Jacob Kirkegaard: Labyrinthitis - the ear as instrument

Date: 
Wed, 04/03/2013 - 5:00pm - 7:00pm
Location: 
CCRMA Stage, The Knoll, 3rd floor
Event Type: 
Colloquium
Labyrinthitis is based on a physical phenomenon: when two frequencies at a certain ratio are played into the ear, the ear itself will produce a third, deeper tone - a vivid hum, whistle or buzz. For Labyrinthitis, Kirkegaard starts off with two tones which induces a third tone in the listener's ear. He then reproduces that tone and adds a second frequency, triggering a new tone. The process is repeated, creating a descending canon that makes for a rich and utterly mesmerizing listening experience - all the more so as the listener can hear different tones in each ear. 


bio:

Jacob Kirkegaard is a Danish artist focusing on scientific & aesthetic aspects of resonance, time, sound & hearing. His installations, compositions & performances deal with acoustic spaces or phenomena that usually remain imperceptible. Using unorthodox methods for recording, Kirkegaard captures and contextualizes hitherto unheard sounds from within a variety of environments: a geyser, a sand dune, a nuclear power plant, an empty room, a TV tower, and even sounds from the human inner ear itself.

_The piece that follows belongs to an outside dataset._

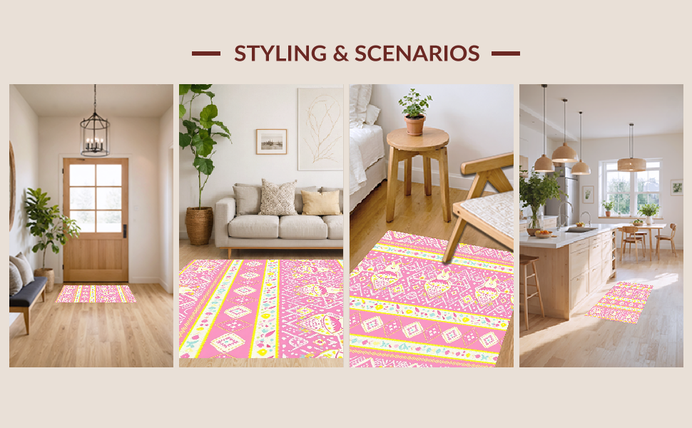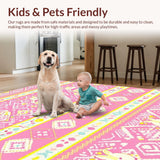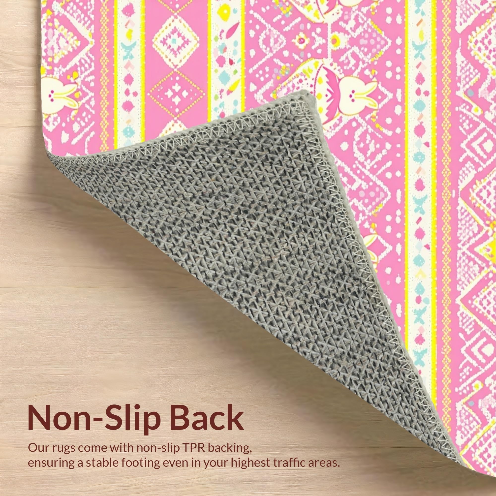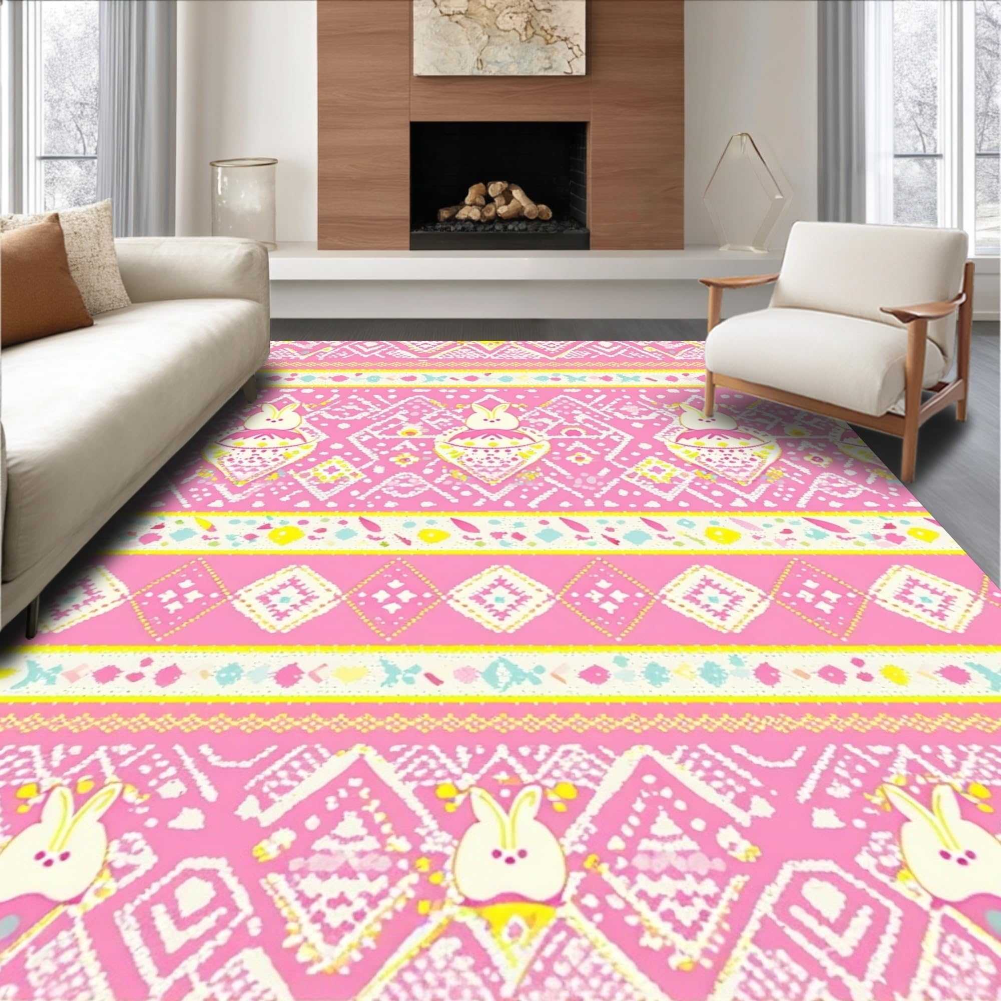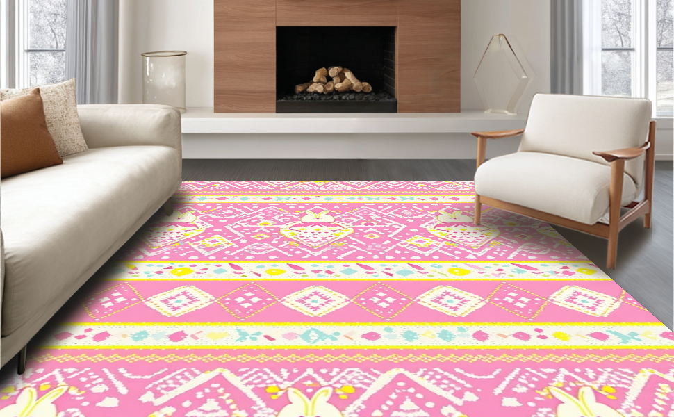 Ultra Soft Area Rug, Non Slip, Stain Resistant, Washable Area Rugs for Living Room, Bedroom, Bright Cheerful Bunny Artistry(Pink) Overview:

Here is a review about Labyrinthitis from The Wire:

Astonishing work by Danish sound artist Jacob Kirkegaard, who is renowned for capturing and relaying hidden audio phenomena in specific spaces, via an array of esoteric sonic devices. Here he turns his attention to the inner mechanisms of the human ear, exploiting the way the cochlea produces tones of tis own when simulated by particular combinations of external frequencies - a kind of sympathetic resonance. Kirkegaard characterizes the process as "active hearing"; a gradually descending sequence of these "distortion product emissions" produced in the composer's own ear forms the basis of the 'piece'. The listener's ear in turn produces its own tones. WHile it's quite a bizarre sensation not knowing which tones are 'yours' and which are 'his', the overall effect is really quite beautiful. Though Labyrinthitis is named after an otological disorder that can cause extreme disorientation, Kirkegaard insists that the album will cause the listener no harm. Which is more than can be said for, say, a Ting Tings record.